Mas o que mais impressionou Paulo foi descobrir o heterônimo
Raphael Baldaya, que Fernando Pessoa apresentou como sendo o mais
velho e o mais sábio de todos e que era astrólogo!
Sob esse nome fictício, Pessoa elaborou um projeto editorial
que lhe era especialmente caro ao coração: a publicação de um livro técnico de
Astrologia, com o nome “Essays in Astrology” – Ensaios
de Astrologia. Na revista “Delphos Astrologia, Vol. 1 No. 2
foi publicado o fac-símile da página original, datilografada pelo próprio
poeta, que é reproduzido no fim deste artigo.
O texto está datilografado em inglês, a segunda língua de
Pessoa, já que ele viveu muitos anos estudando na África do Sul.

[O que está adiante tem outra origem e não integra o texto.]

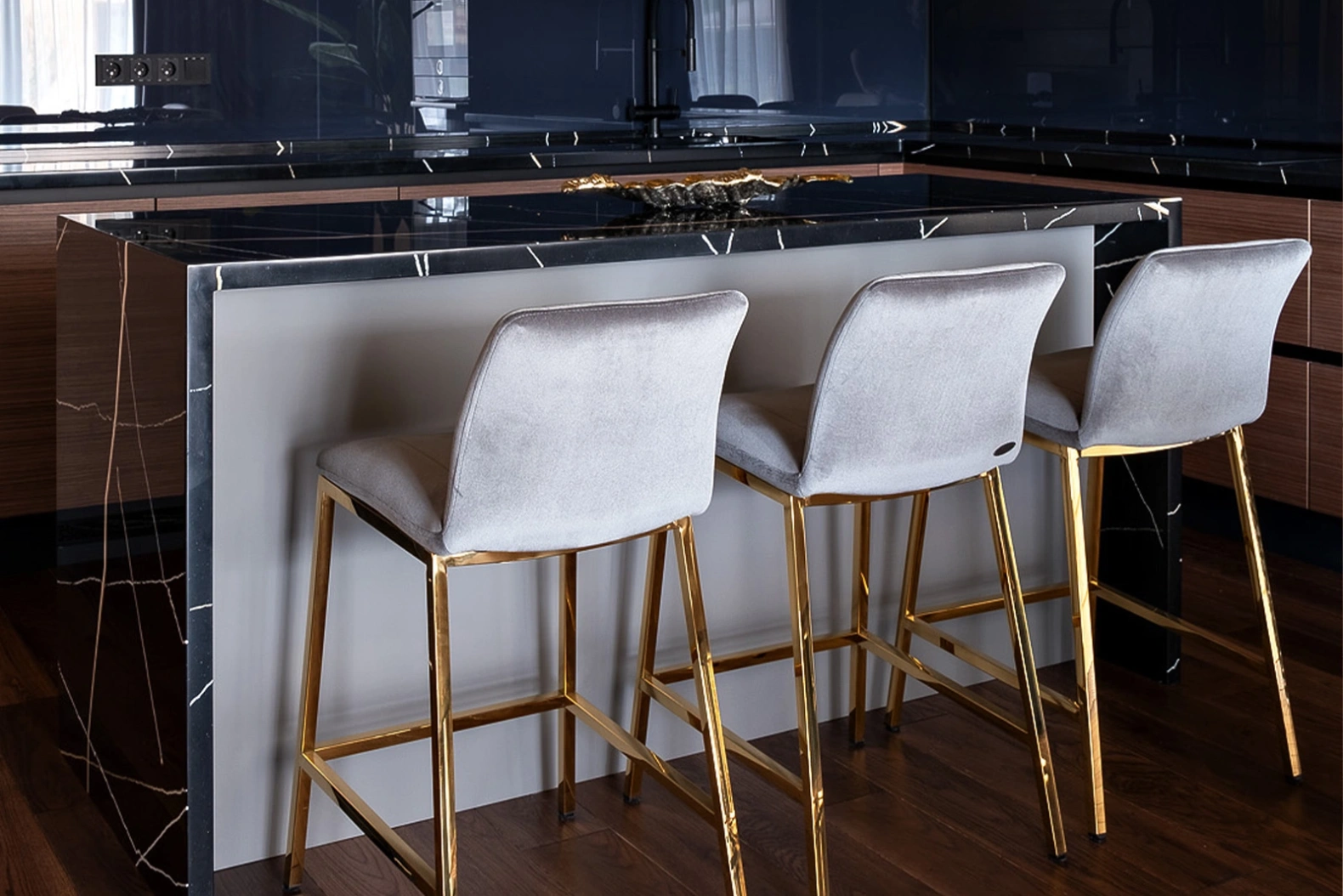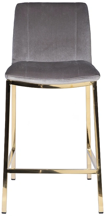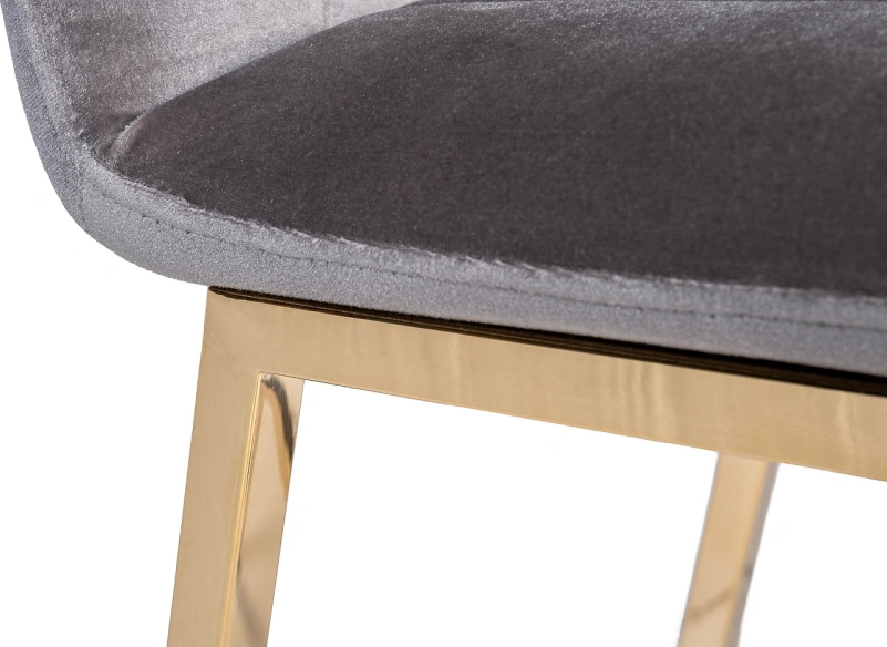 Удобный барный стул из сергого велюра на позолоченном основании из нержавеющей стали. Серый велюровый барный стул – стильный и элегантный в своем дизайне. Его сложно назвать универсальным, поскольку красота этой модели предъявляет высокие требования к общей обстановке кухни, бара, ресторана. Барный стул со спинкой воплощает в себе повышенный комфорт и способен занять центральное место в интерьере. Обивка из тактильно приятного велюра и ножки из позолоченного металла делают эту модель весьма заметной и привлекательной. Габариты сиденья: ширина 42см, глубина 38см, высота от пола 65см.

Uma grande
parte dos originais de Pessoa é redigida em inglês, já que esse fantástico
geminiano até nisso exibia sua dualidade: era absolutamente bilíngue.
Aliás, a manifestação da multiplicidade de talentos de
Fernando Pessoa é uma exteriorização do seu multifacetamento interior. O que
ele aprendeu a equilibrar com o auxílio da Astrologia, criando com ela os seus
heterônimos, seus diversos eu-mesmo, seus personagens internos.
Fernando Pessoa tinha o Sol em Gêmeos e Mercúrio, seu
dispositor, no sensível e poético signo de Câncer. Ali, na casa XI natal,
recebia a dupla quadratura de Marte e Urano, conjuntos em Libra. Uma estrutura
planetária que indica a existência de um possível hipertireoidismo em Pessoa.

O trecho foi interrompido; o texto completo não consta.